- Born: Cornelia Field Maury 1866 New Orleans, Louisiana, U.S.
- Died: 1942 (aged 75–76) St. Louis, Missouri, U.S.
- Education: Washington University in St. Louis, Académie Julian
- Known for: Portrait painting

= Cornelia F. Maury =

American painter

Cornelia Field Maury (1866–1942) was an American artist, known for her portraits of children. Maury often worked in pastels. She was based in St. Louis, Missouri.

== About ==
Cornelia Field Maury was born in New Orleans, Louisiana in 1866. Her family had owned a theatre in St. Louis, Missouri. She studied at the St. Louis School of Fine Arts (a part of Washington University in St. Louis) and the Académie Julian in Paris. She studied in France with Jules Joseph Lefebvre, Raphaël Collin, Benjamin Constant, Jean-Paul Laurens, Luc-Olivier Merson, and Jules Dupré.

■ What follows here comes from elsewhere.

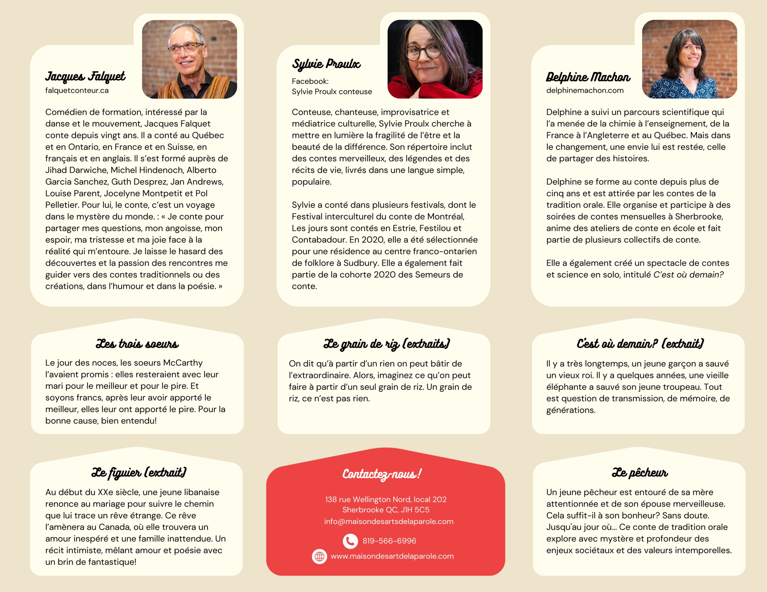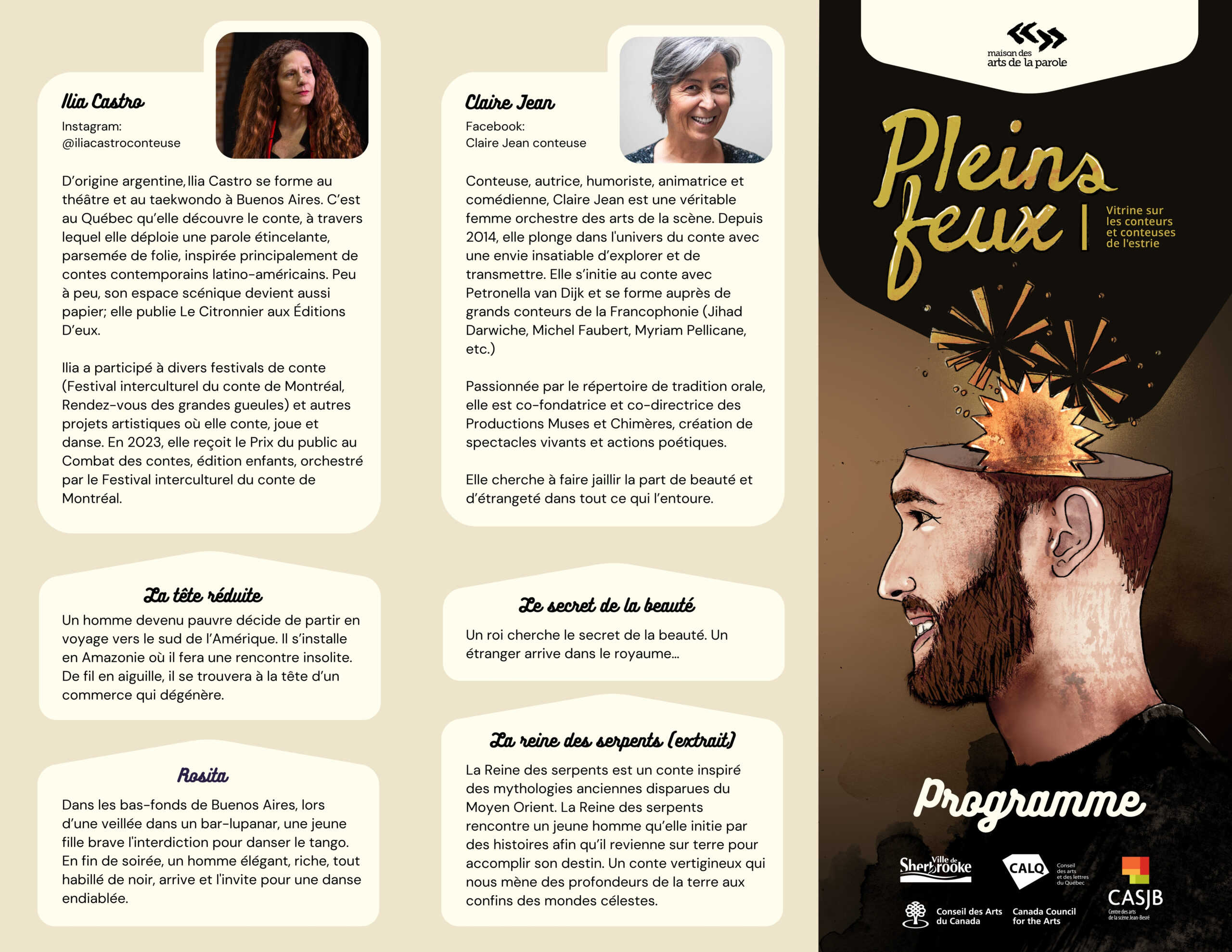 Boursière au CAC et au CALQ pour des projets contés et passionnée par le répertoire de tradition orale, elle a conté en solo, en duo et en collectif, notamment au Festival interculturel du conte de Montréal, au festival Les jours sont contés en Estrie, au Festilou, au festival Graines de paroles en Martinique et aux Rencontres internationales des arts de l’oralité au Bénin. Claire est co-fondatrice et co-directrice des Productions Muses et Chimères, création de spectacles vivants et actions poétiques.

She was a member of St. Louis Artists' Guild and Society of Western Artists. In 1899, Maury was exhibiting her work at the St. Louis Artists' Guild. Her work "Mother and Child" was hung in 1900 at the Salon des Artistes Francais.

She lived in St. Louis in her family home, the historical Guion House (also referred to as the Maury House) at 5815 Pennsylvania Ave in the Carondelet neighborhood.

== Death and legacy ==
She died in 1942, in Saint Louis, Missouri. However her year of death has been incorrectly attributed with many other dates, and as early as 1934.

Her work is in many public museum collections including Smithsonian American Art Museum, among others.